→ WORK TO BE COMPLETED: Print exactly the line that contains "Uma simples ilustração", then every following line through the end of the material; include nothing else and no pictures.

→ PROVIDED MATERIAL:
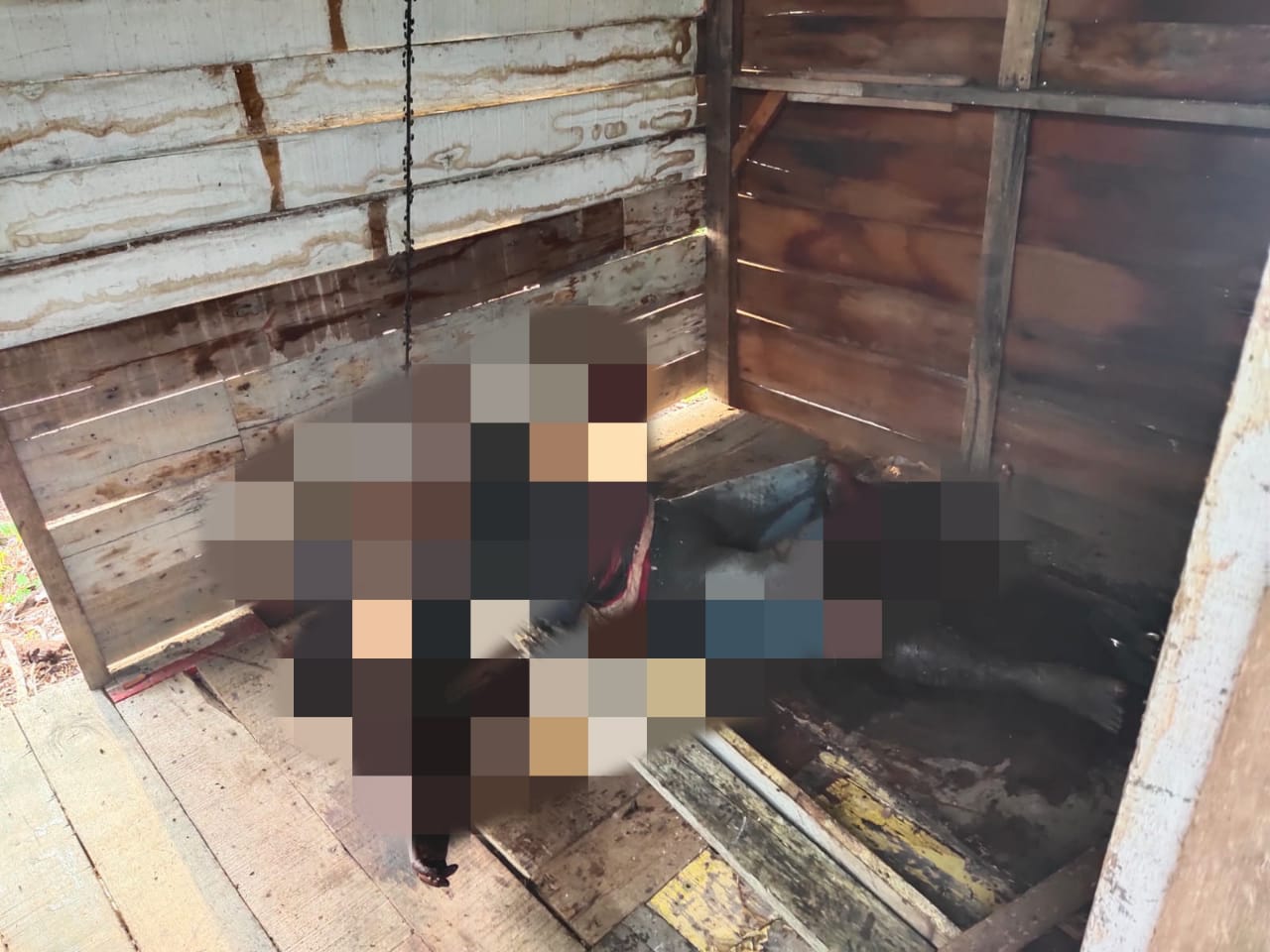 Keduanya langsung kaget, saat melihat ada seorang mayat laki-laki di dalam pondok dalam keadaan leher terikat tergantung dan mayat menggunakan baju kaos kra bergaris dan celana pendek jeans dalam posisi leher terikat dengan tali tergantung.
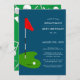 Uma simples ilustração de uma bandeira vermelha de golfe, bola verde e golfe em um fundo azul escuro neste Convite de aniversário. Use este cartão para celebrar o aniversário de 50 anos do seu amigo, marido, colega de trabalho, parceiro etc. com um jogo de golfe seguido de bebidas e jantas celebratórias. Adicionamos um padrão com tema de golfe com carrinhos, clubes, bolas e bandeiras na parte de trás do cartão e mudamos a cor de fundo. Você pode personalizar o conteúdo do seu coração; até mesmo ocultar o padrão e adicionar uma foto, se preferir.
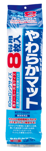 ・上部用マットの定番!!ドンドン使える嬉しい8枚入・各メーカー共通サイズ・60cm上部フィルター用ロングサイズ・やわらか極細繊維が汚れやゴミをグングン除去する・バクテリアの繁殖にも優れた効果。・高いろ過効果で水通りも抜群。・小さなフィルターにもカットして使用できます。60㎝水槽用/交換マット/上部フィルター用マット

→ THE COMPLETED TASK:
 Uma simples ilustração de uma bandeira vermelha de golfe, bola verde e golfe em um fundo azul escuro neste Convite de aniversário. Use este cartão para celebrar o aniversário de 50 anos do seu amigo, marido, colega de trabalho, parceiro etc. com um jogo de golfe seguido de bebidas e jantas celebratórias. Adicionamos um padrão com tema de golfe com carrinhos, clubes, bolas e bandeiras na parte de trás do cartão e mudamos a cor de fundo. Você pode personalizar o conteúdo do seu coração; até mesmo ocultar o padrão e adicionar uma foto, se preferir.
 ・上部用マットの定番!!ドンドン使える嬉しい8枚入・各メーカー共通サイズ・60cm上部フィルター用ロングサイズ・やわらか極細繊維が汚れやゴミをグングン除去する・バクテリアの繁殖にも優れた効果。・高いろ過効果で水通りも抜群。・小さなフィルターにもカットして使用できます。60㎝水槽用/交換マット/上部フィルター用マット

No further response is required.